Handsome DevilCultureCinemaMovie reviews
Handsome Devil is John Butler’s latest drama featuring marginal characters struggling to figure out and accept their identity. The movie is categorised as a comedy drama, but unfortunately it does not quite capture the lightheartedness of the 80s American high school classics. The film dives deep into adolescent clichés such as standing up to bullies, forbidden love, self-discovery and pools of conflicting emotions – without a girl in sight – but it makes the mistake of taking itself and its pubescent characters a little bit too seriously.
Tensions run high in a school full of testosterone and rough sports. The insult “gay” is bandied about like candy, and our narrator and main man Ned (Fionn O’Shea) is the first to stand accused. Ned is a fiercely independent teen who keeps to himself until he is forced to share a room with an athletic newcomer from another school, Conor (Nicholas Galitzine). Conor is the best rugby player the school has seen in a long time and he decides to befriend the loser – schoolwide drama ensues.

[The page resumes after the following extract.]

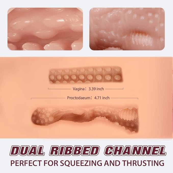 • LIFELIKE VAGINA AND ANUS - This male masturbator doll equipped with vaginal and anal closed-end tunnels. There are many particles inside the vaginal passage to stimulate your penis; There are particles and threads inside the anal channel, which is more compact and has stronger suction. The sucking and vibration functions are mainly in the vagina, and the sucking and vibration amplitude of the anus will be relatively weak

This coming-of-age picture makes a point to state the moral of the story near the end, in case the audience didn’t quite get it: be yourself. In spite of the cheesy narration, the classic quirky teacher (Andrew Scott) who mentors the two outcasts in his own deeply personal way, and the oftentimes rather facile dialogue, the film keeps up a steady pace and an irresistible cast will keep female bums in their seats.
Butler is very aware of deep-seated issues in conservative Ireland such as the potential of high schools to breed thugs through rugby warfare, and though his idea of an unlikely friendship between a loner and a jock is far from unique, he takes it that one heart-wrenching step further with titillating will-they-won’t-they scenes as well as introducing a scruffy antagonist in the form of the school’s jolly looking but decidedly brutish and emotional rugby coach (Moe Dunford), who is the antithesis, of course, of their Robin Williams-esque English teacher.
All in all, the story is easy and pleasant to follow, provides many a goosebump and clarifies some rules of rugby for the uninitiated. The camera and editing work are clear and evocative, such as the two unwilling roommates bonding for the first time through the cracks in the “Berlin wall” they built between them. There is a little bit too much happening in the form of inspirational montages, but they are at least set to a great soundtrack. Just remember, if you spend your whole life being someone else, who’s going to be you?
Handsome Devil is released nationwide on 28th April 2017.